### [Data section]
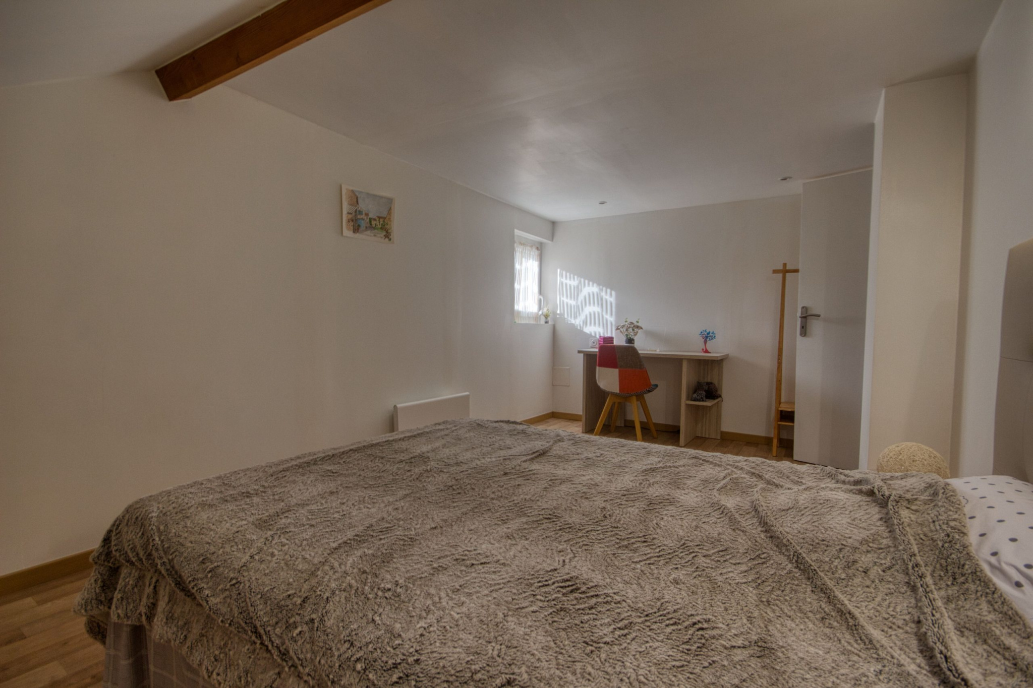 À l’étage, vous découvrirez deux chambres supplémentaires, de 11,5 m² et 14,5 m², toutes deux exposées Sud-Est, ainsi qu’une salle d’eau et un WC. Ce niveau offre également un grenier de plus de 100 m², entièrement aménageable, laissant de nombreuses possibilités d’évolution.
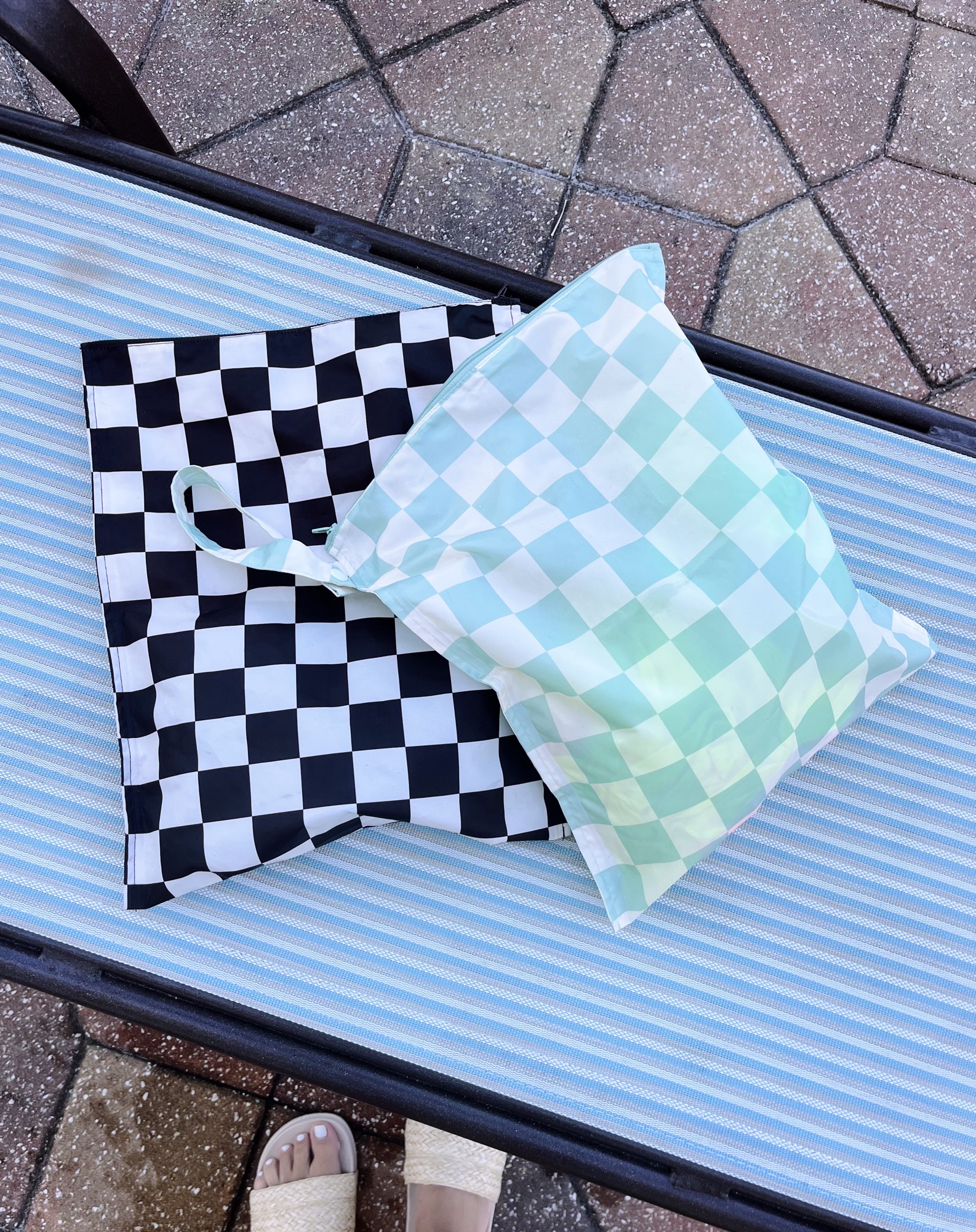 I cannot tell you how useful these waterproof wet bags are for our family this time of year! We’ve used wet bags for years for the boys’ soaking wet swimsuits after our pool and beach days and when the zipper broke on one of my beloved bags late last summer, I ordered a new-to-me two pack. We’ve been loving them even more because the checkerboard pattern makes them easy to spot in my beach bag and they’ve kept everything else in our bag dry as we haul wet stuff home from the pool. (When the boys were babies, I used a wet bag to keep their diapers and wipes separate and dry.)
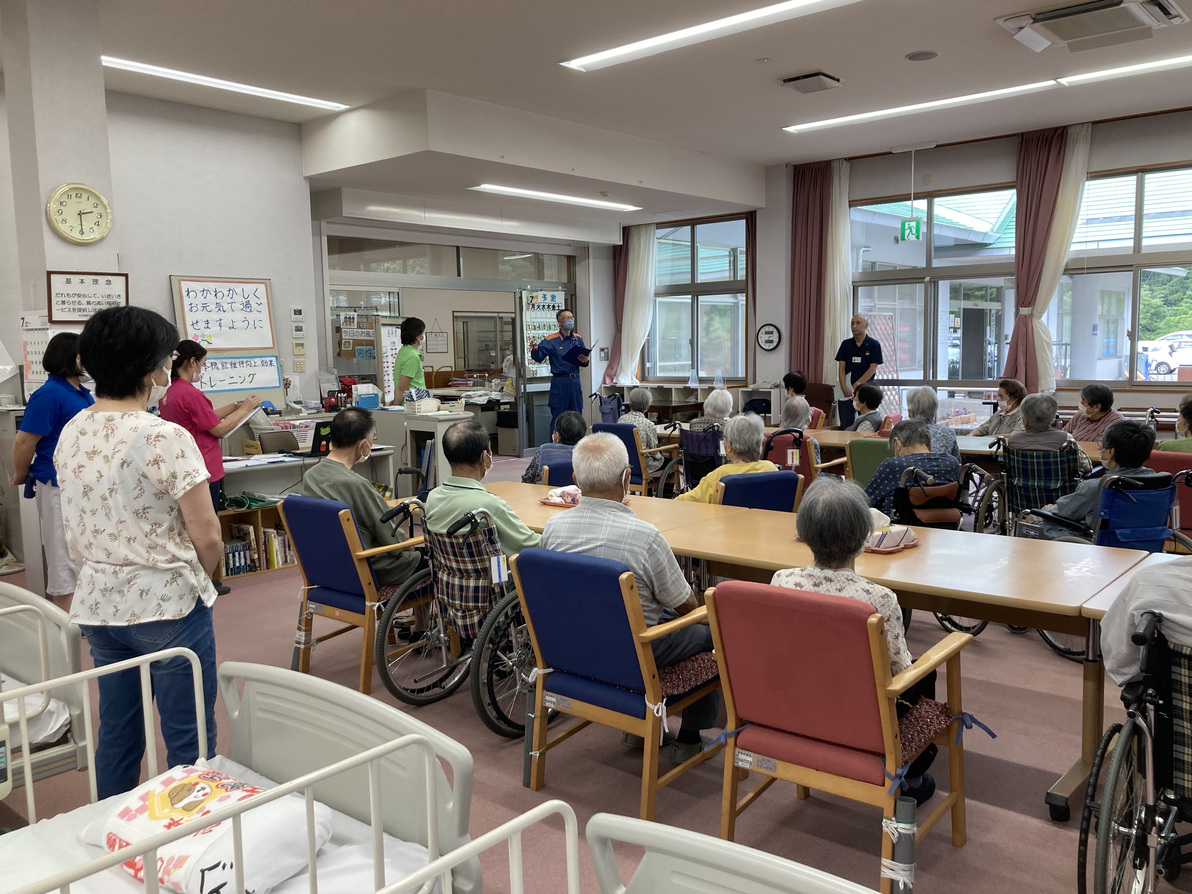 7月31日、デイサービスセンターの火災避難訓練を行いました。利用者様を始め、職員も慌てず、落ち着いて避難ができました。訓練終了後は、消防署長さんより訓練の講評をいただきました。的確に指摘をしていただき大変勉強になりました。日頃から防災意識を大事にしようを改めて思いました。
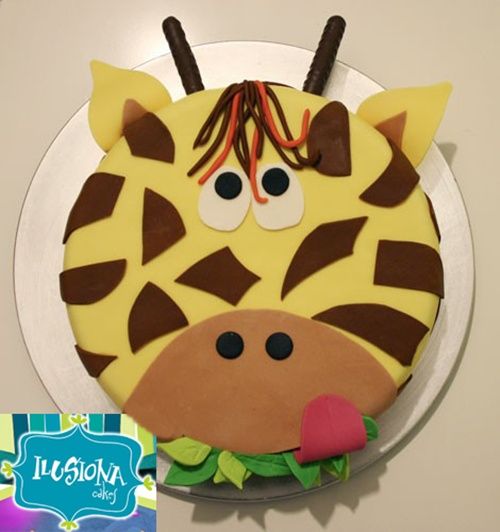 Esta tarta con la cara de una jirafa es una simpática propuesta para un cumpleaños infantil.
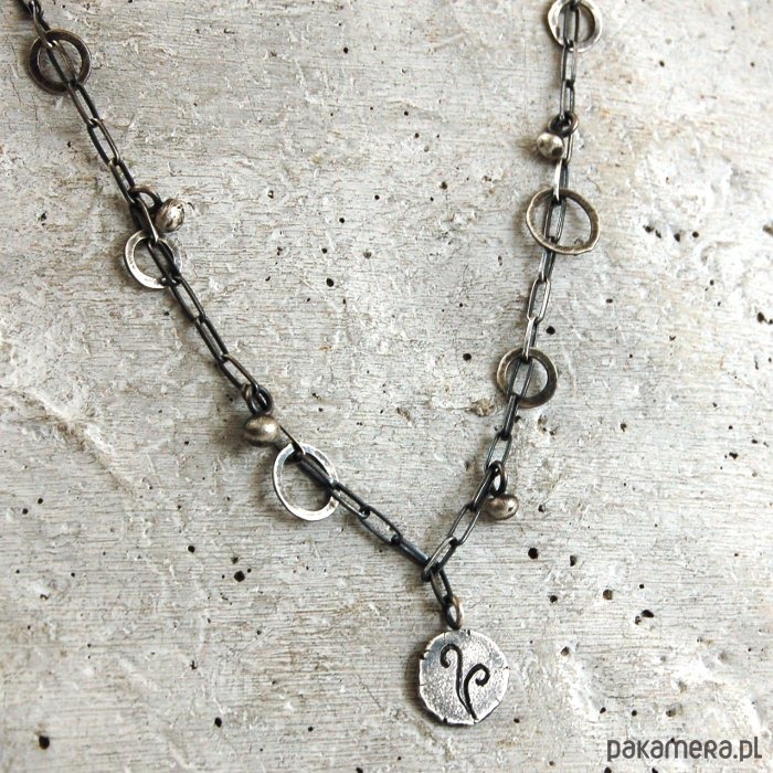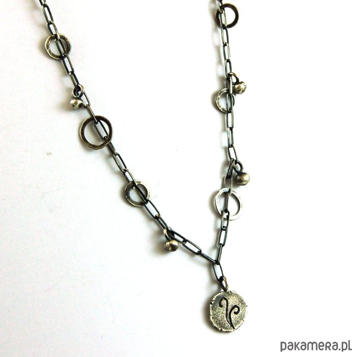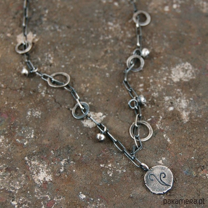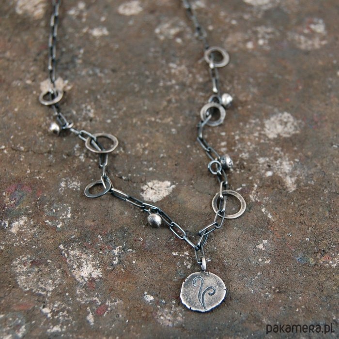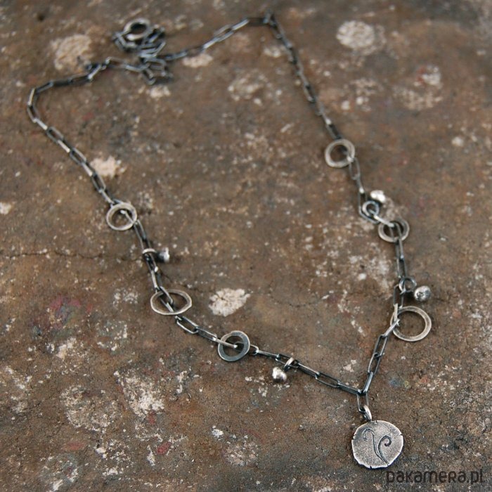 Delikatny naszyjnik z oksydowanego srebra. Średnica zawieszki ok. 1 cm. Długość naszyjnika 48 cm. Dostępne również inne wzory zawieszek (dwa ostatnie zdjęcia) - w komentarzu do zamówienia proszę o podanie wybranego numeru.
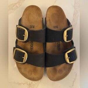 Birkenstock Arizona Leather Sandals with Oversized Gold Buckle

### [What this task involves]
Repeat exactly the lines from the one containing "Delikatny naszyjnik z" to the last line of the data above, both included, and write no pictures into the copy.

### [Exercise solution]
 Delikatny naszyjnik z oksydowanego srebra. Średnica zawieszki ok. 1 cm. Długość naszyjnika 48 cm. Dostępne również inne wzory zawieszek (dwa ostatnie zdjęcia) - w komentarzu do zamówienia proszę o podanie wybranego numeru.
 Birkenstock Arizona Leather Sandals with Oversized Gold Buckle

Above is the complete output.